Брендон покачал головой и снова углубился в чтение, а Стив опустился перед камином на одно колено и стал смотреть на огонь.
Две стихии – огонь и вода – всегда покоряли воображение Стивена, он мог любоваться на них часами. Но не в момент их отчаянного противоборства – хотя в невозможности их сосуществования уже изначально заложена особая мистическая притягательность, – а тогда, когда они, разнесенные на безопасное расстояние, независимые, проявлялись во всей своей мощи и необузданности.
Огонь был самым первым его воспоминанием – это было горящее дерево, в которое попала молния. Вероятно, дуб: высокий, раскидистый, он стоял на опушке леса не очень далеко от других деревьев, но все же обособленно от них и пылал, как огромный факел, освещая собой всю окрестность. Никто не тушил пламя – все любовались, потому что зрелище того стоило.
Стив, конечно, не помнил, ночь то была или вечер, но он запомнил совершенно черное небо, по которому метались молнии, дождь, ливший, как из ведра, ветер, налетавший порывами и гнувший деревья аж до самой земли. Они раскачивались во все стороны, всплескивая, точно руками, своими длинными ветвями – одни из них словно старались прикоснуться к погибающему дереву, хотя и понимали, что не в силах помочь ему, другие, наоборот, пытались отпрянуть, отодвинуться как можно дальше, в отчаянии, что ноги их навечно вросли в землю и нет возможности спастись бегством. А живой факел продолжал гореть, и казалось, что никто и ничто не в силах погасить его и он будет пылать вечно. Пламя подрагивало, занимаясь с новой силой, с устрашающим треском обламывались обгоревшие ветки, веером разлетались в разные стороны искры. И была в этой сцене гибели своя неповторимая и жуткая красота…

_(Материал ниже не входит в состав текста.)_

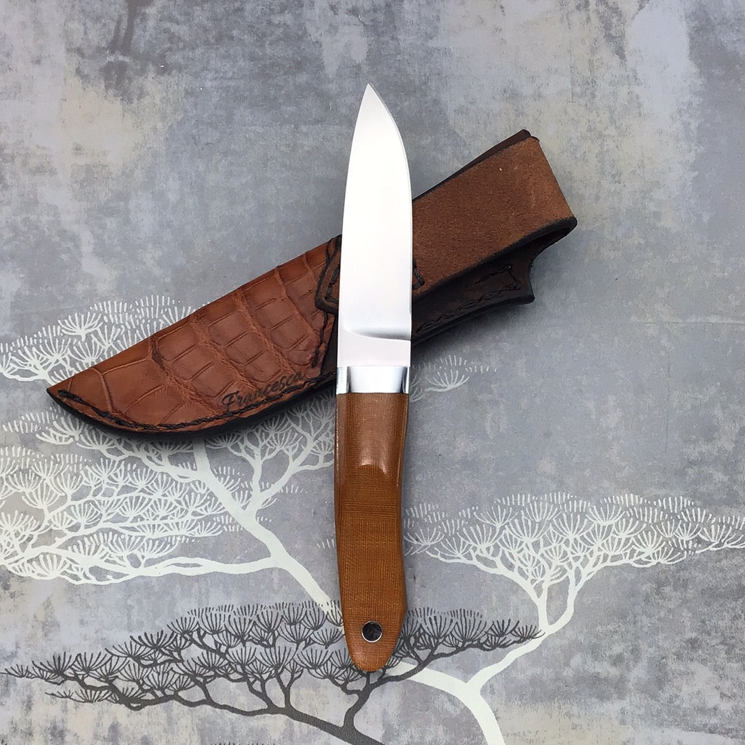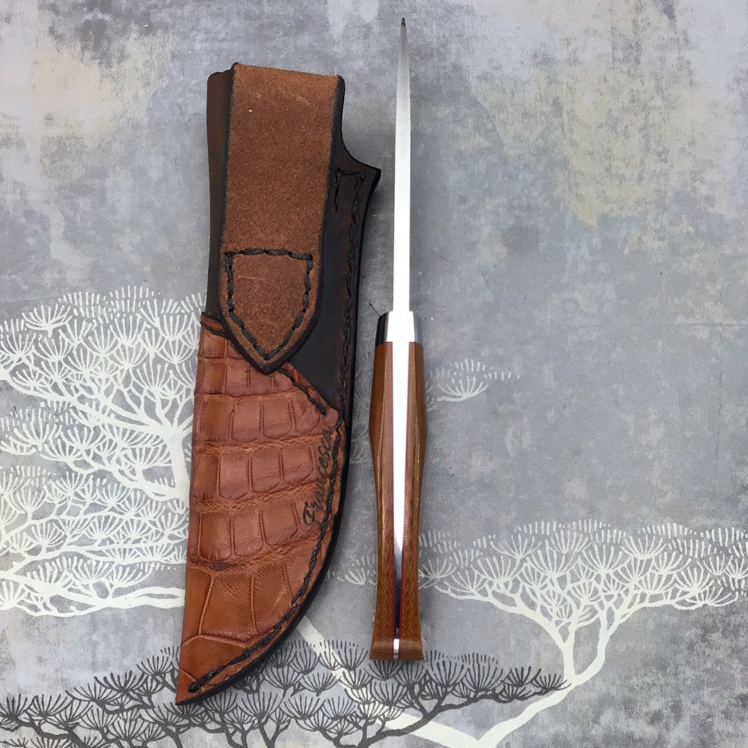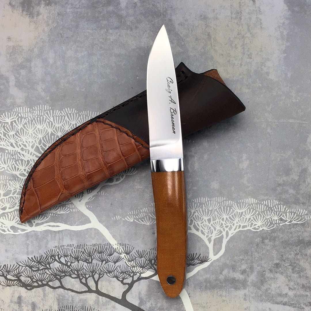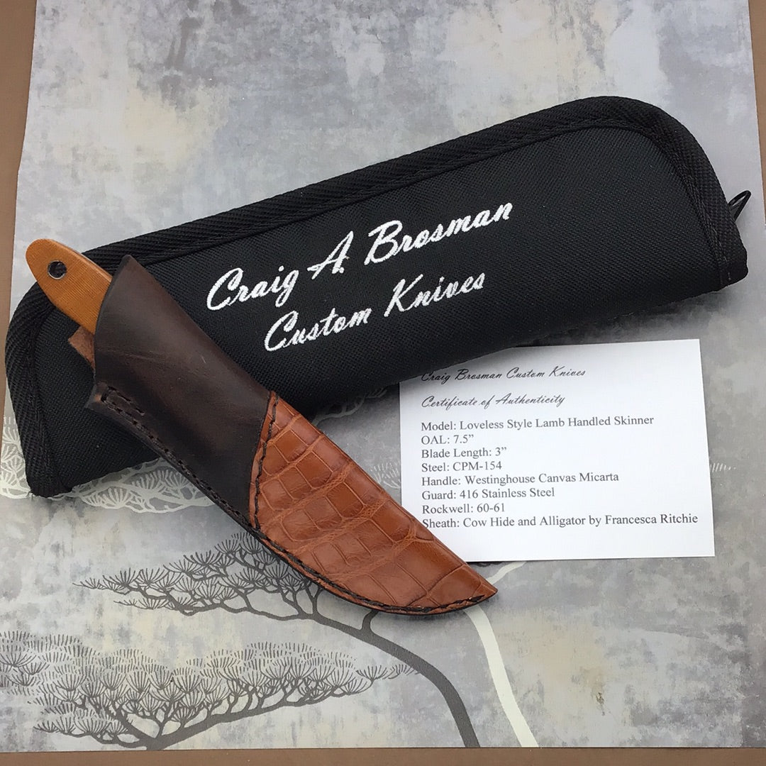 Craig Brosman “Loveless Style” Lamb Skinner knife. Beautiful Westinghouse Canvas Micarta Handle. 416 SS guard. CPM154 Steel. Custom Sheath in Cow Hide and Alligator by Francesca Ritchie. Outstanding craftsmanship from Craig. SUPER CLEAN KNIFE, OAL 7 1/2, Handle 3 3/4, Blade 3 3/4 CPM154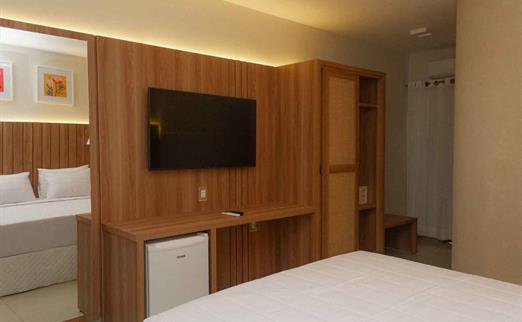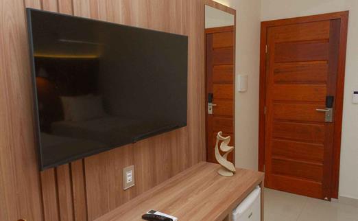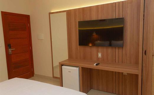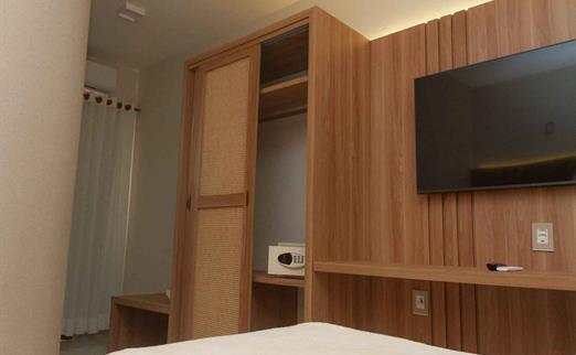 Desfrute da exclusividade da nossa requintada Suíte Standard. Com 21,27 m², este retiro luxuoso é perfeito para hóspedes exigentes em busca de uma experiência distinta. Aconchegue-se na imponente cama queen-size, garantindo noites de sono revigorantes. Desfrute do entretenimento premium na TV de 43 polegadas e mantenha-se conectado com o roteador individual. Sua segurança é prioridade, com o cofre digital para objetos de valor. Saboreie bebidas e petiscos do frigobar meticulosamente abastecido. No espaçoso banheiro, encontre um espelho articulado e iluminação em LED. Aprecie a vista na varanda privativa e descanse com lençóis de 230...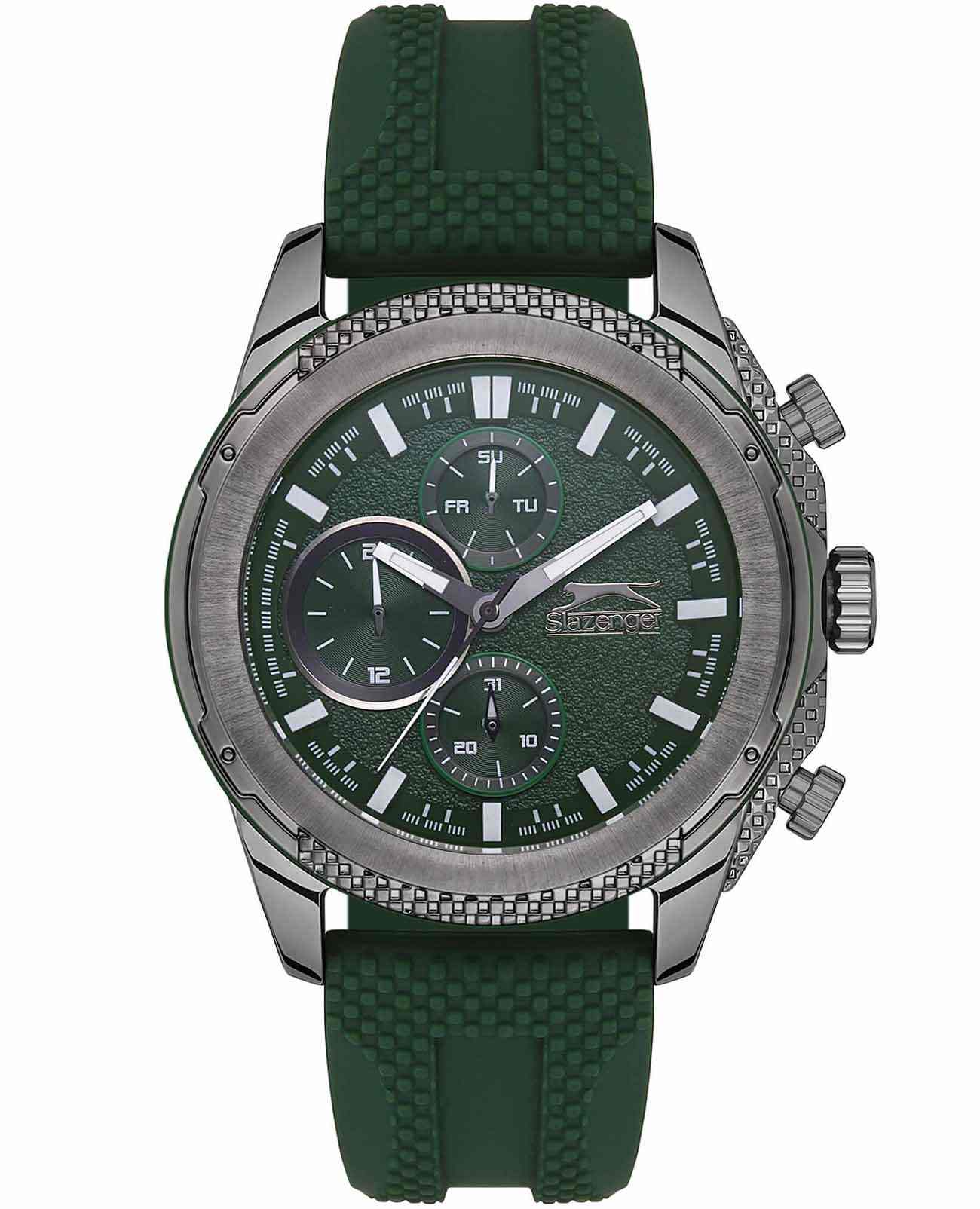 Часы Slazenger SL.09.2153.2.04 представляют собой стильный и функциональный аксессуар для мужчин. Эти кварцевые часы идеально подходят для тех, кто ценит как точность, так и современный дизайн. Корпус и безельБезельВнешний ободок, закрепляющий стекло. В спортивных часах так называется поворотное кольцо с делениями на циферблате, выполняет роль таймера – замеряет отрезки времени на шкале. Неподвижный безель – элемент декора. Однонаправленно вращающийся безель на дайверских часах позволяет фиксировать моменты погружения и выныривания на поверхность. из суперметалла с серым IP-покрытиемIP-покрытиеМетод ионного напыления. Демонстрирует повышенную устойчивость к истиранию, окислению и химическим веществам. Под воздействием высокого давления и температуры около 1500°C молекулы металла надёжно соединяются с частицами корпуса часов. придаёт модели прочность и долговечность, а зеленый силиконовый ремешок обеспечивает комфортное ношение и отлично сочетается с общим дизайном часов. Диаметр корпуса составляет 46 мм, а толщина — 12 мм, что делает часы выразительными и заметными на запястье. Минеральное стеклоМинеральное стеклоМинеральное стекло представляет собой искусственно выращенный минерал кварца. Такое стекло отличается особой устойчивостью к повреждениям и царапинам. Уступает по некоторым качествам сапфировому стеклу. защищает циферблат от царапин и повреждений, сохраняя его внешний вид. Часы обладают водозащитой уровня WR 50, что позволяет им выдерживать воздействие воды в повседневных ситуациях. Одной из ключевых особенностей является наличие дополнительных малых циферблатов, которые отображают дату, день недели и текущее время в 24-часовом формате. Все эти функции обеспечивают удобное пользование и позволяют всегда оставаться в курсе времени. Люминесцентное покрытиеЛюминесцентное покрытиеПозволяет считывать показания времени в темноте. Производители наносят на стрелки, часовые индексы, безель или поверхность циферблата светонакопительный состав, дающий холодное свечение. на стрелках обеспечивает отличную видимость в темноте. Силиконовый ремешок оснащен классической застежкой, что обеспечивает надежную фиксацию на руке. Вес часов составляет 104 грамма, что делает их достаточно легкими для повседневного использования.

– Брендон, у тебя есть дома камин? – спросил Стивен, не отводя глаз от огня.
– Нет.
– И у меня нет…
«А что у тебя теперь есть, кроме трех тысяч долларов в кармане и висящего над тобой приговора?» – подумал Брендон и, не отрываясь от книги, проворчал:
– Перестань топить.
– Сейчас. Уже догорает…
Стивен продолжал смотреть на затухающий огонь – эта безжалостная, губительная стихия, схваченная черным квадратом камина, теперь такая мирная и дружелюбная, дарила ему чувство защищенности и незапорошенной детской радости… И Стив поймал себя на мысли, что последнее время никуда не может спрятаться от собственного детства – воспоминания о нем вламывались в его сознание с настырной регулярностью.
Вот и сейчас ласковое тепло, исходившее от камина, вызвало у него самые ранние воспоминания о его сестре Элизабет – когда ему было два года, а ей уже целых пять, и маленький Стиви засыпал под колыбельную, которую напевала ему сестра, поглаживая братца по кудрявой головке. Брат тогда был для нее чем-то вроде куклы в игре дочки-матери. Но кукла часто оказывалась непослушной, игра затягивалась и быстро надоедала – как, впрочем, и все игры, – тогда Стиви получал пинок под зад. Он редко удерживался от того, чтобы не дать сдачи, и обычно тут же завязывалась потасовка, которая всегда заканчивалась торжествующим криком Лизбет. Но даже поверженный и зареванный, Стив никогда не испытывал к сестре ненависти, как нельзя ее испытывать к самому близкому и дорогому человеку.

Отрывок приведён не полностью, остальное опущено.